10 – Ce renforcement de la capacité d’action des acteurs territoriaux passe par une meilleure connaissance des actions engagées et de leurs impacts tant qualitatifs que quantitatifs. Aussi nous considérons nécessaire la mise en place d’un véritable observatoire africain de l’action climatique non étatique qui éclairera les décideurs nationaux et internationaux sur l’impact des actions menées, leur potentiel de développement, les freins à leur déploiement.
11 – Nous devons aussi renforcer l’échange de bonnes pratiques, le porter à connaissance sur les succès comme sur les difficultés. Les moyens dédiés à l’information et à la formation se doivent d’être renforcés. Les coopérations décentralisées Sud-Sud, Sud-Nord et l’intégration des apports de la diaspora africaine peuvent aussi être un outil précieux de ce renforcement des capacités.

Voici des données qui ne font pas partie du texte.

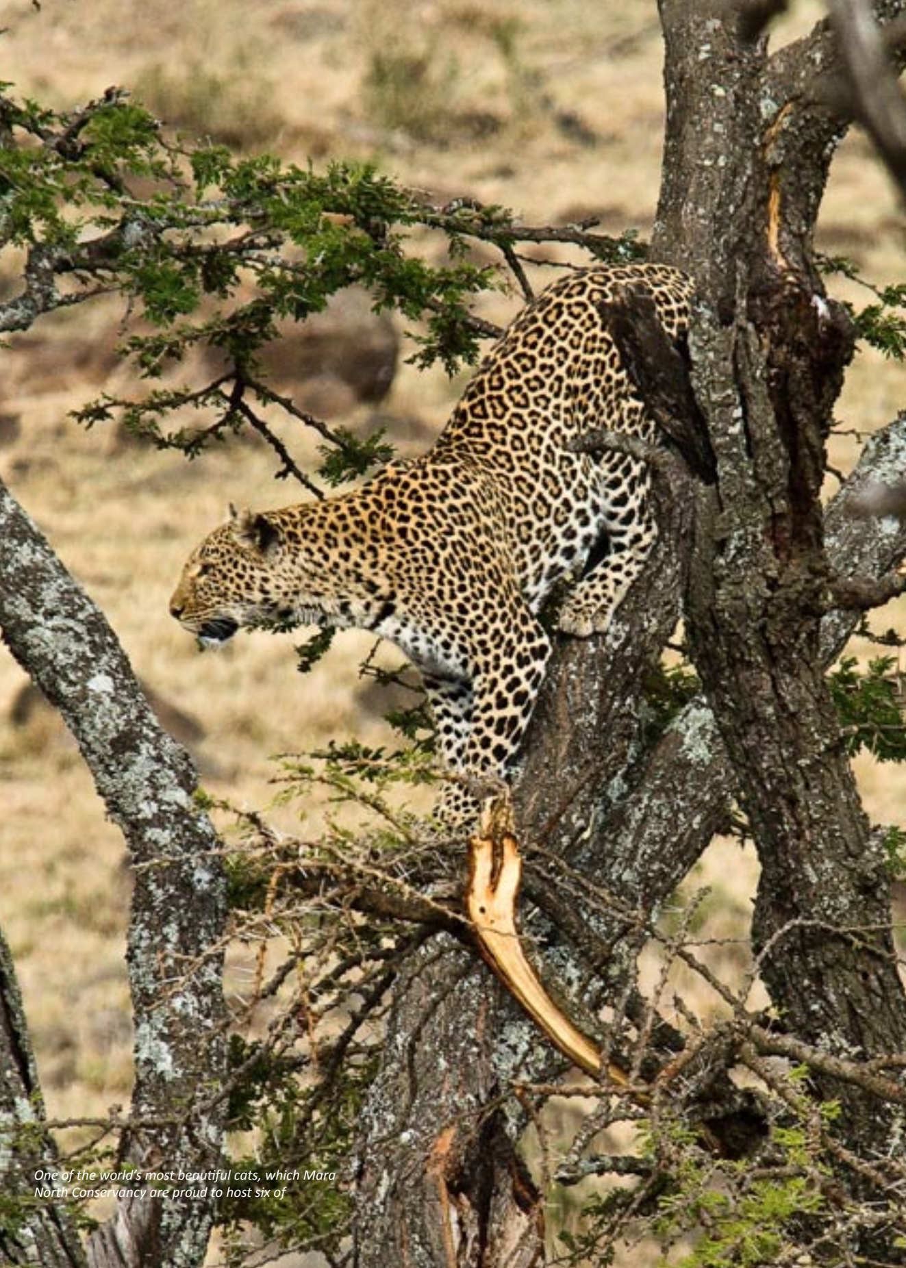
One of the world's most beautiful cats, which Mara North Conservancy are proud to host six of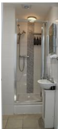
Apuldram shower and sink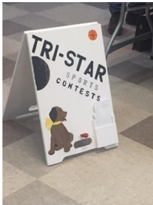
Sign for Tri-Star Contest Made by Richie Myers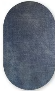
VELVET E-1610 56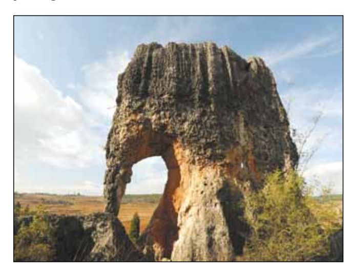
The rocks in the stone forest were formed about 270 million years ago.

"Elephant Rock" is among the variety of shapes.

12 – Nous rappelons enfin que la stabilisation du climat et le renforcement des moyens dédiés à l’adaptation n’est possible que dans un monde de régulation où la gouvernance internationale fonctionne. La paix dans le monde, la fin des conflits et le respect par tous de la Charte des Nations Unies sont des conditions nécessaires à la mise en œuvre de l’accord de Paris sur le climat et à l’avenir de l’humanité.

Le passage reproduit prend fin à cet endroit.